Now, Cleveland-Cliffs would prefer to acquire its domestic rival rather than see it plucked up by an international one. However, rather than pony up $7 billion more to outspend Nippon, it uses the much-cheaper alternative of election-year fearmongering to scare U.S. Steel into settling.
As well they might. Cleveland-Cliffs’s stock has been in a freefall, down 30 percent.
A downgrade of the stock’s value has been attributed to broader economic conditions, but analysts at Barrons also attribute this to operational missteps by CEO Lourenco Goncalves. The Zacks Ranks system put it as a rank 4/5 (sell).
Increasingly, the narrative is changing: U.S. Steel doesn’t need Cleveland-Cliffs to survive as much as Cleveland-Cliffs needs U.S. Steel. Opponents of the Nippon deal don’t want that narrative to change, imagining a 1950s-style Renaissance of domestic manufacturing if the Japanese investment deal can just be somehow stopped! This is a classic example of the fallacy of the false alternative. The truth is that no such Renaissance will happen.
Americans — and probably almost everyone else — attach a patriotic importance to manufacturing.
Opponents of the Nippon Steel deal are employing this kind of strategy now. Muscle-bound manufacturers at Bethlehem Steel played a slightly more pivotal role in winning World War II than the nerdy accountants at Ernst & Young.
Spoiler alert: WWII ended 80 years ago. And now, Japan is our No. 4 biggest trading partner. The Americans and the Japanese have been fast friends for decades.
If our domestic steel industry isn’t undergirded with this kind of capitalization, the much more significant threat is an oversupply of Chinese steel that cedes to the Communist Party there (yet) another advantage.

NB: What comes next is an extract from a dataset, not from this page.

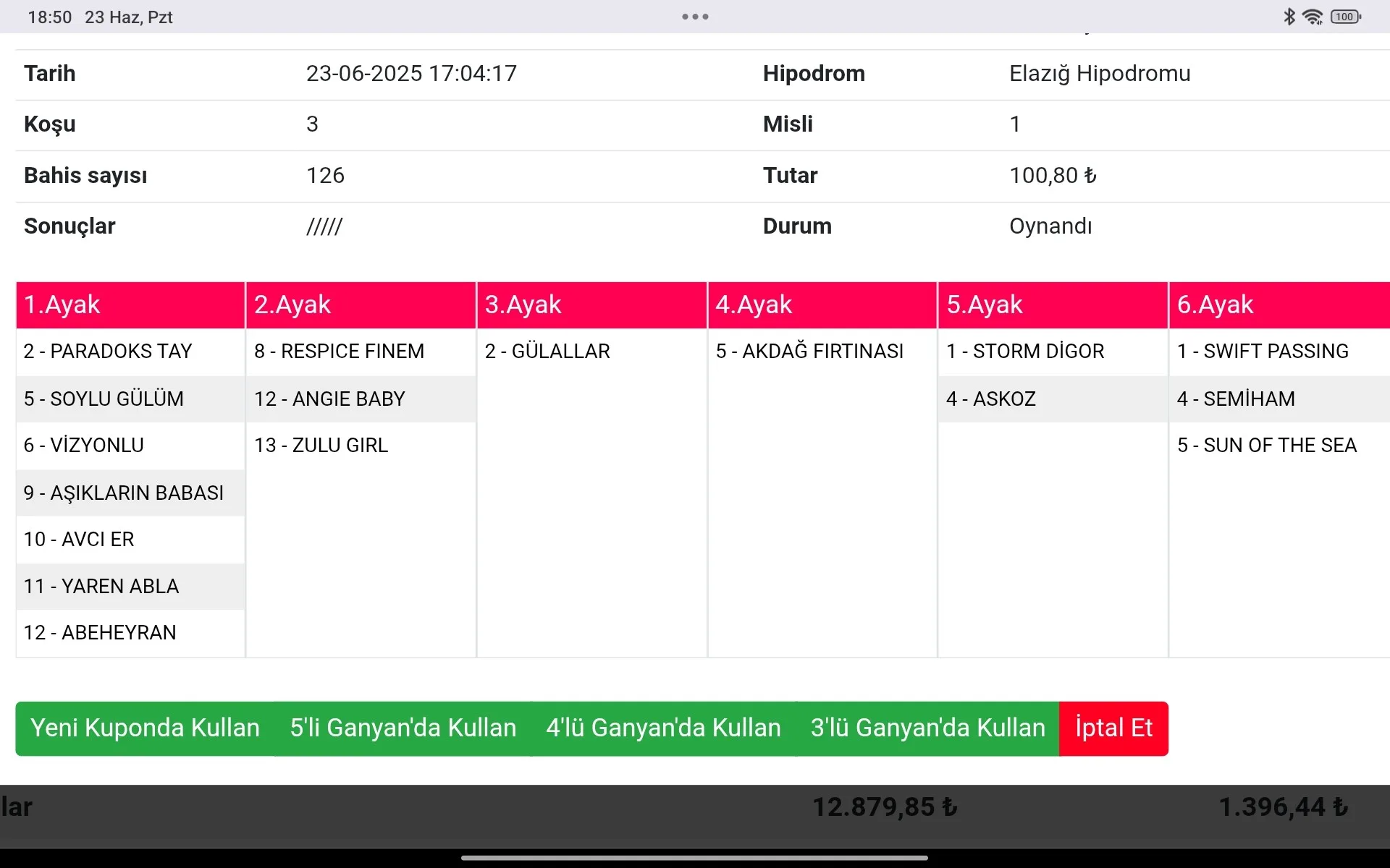 üstadım, bol şanslar son ayak 8 bizde 1 fazla sıkıştırmazsa büyük ihtimal kazanırız,rakip 9/13 gerisi hikaye, öztekbey tek rakip 5 akdağ, 2. ayak 4,startta kalmazsa rahat kazanır, rakip 9/13/12

If the Nippon-U.S. Steel merger doesn’t go through, the most likely outcome is U.S. Steel breaking up into parts. Cleveland Cliffs will have to divest because of antitrust-happy Federal Trade Commission Chair Lina Khan’s “big is bad” attitude toward American corporations. While Nippon Steel has promised to maintain the status quo on domestic operations — except for moving the headquarters from Houston to Pittsburgh — the uncertainty of any other outcome is questionable for employees’ short-term job prospects and long-term retirement.
If a piece of U.S. Steel ends up in the hands of rivals from China or elsewhere, pensions won’t be as secure as they would be if the company stays whole. And it won’t influence the presidential election either way.
Businesses in swing states frequently get a lot of attention during presidential elections, with candidates competing to win independent voters with their economic message. Trump won Pennsylvania in 2016, lost it to Biden in 2020, and now enjoys a narrow lead there. Both have publicly stated they oppose the Nippon Steel acquisition.
The Nippon Steel-U.S. Steel merger would fix heavy problems in our domestic manufacturing industry. Election-year shenanigans from a struggling competitor shouldn’t be allowed to fix the blame.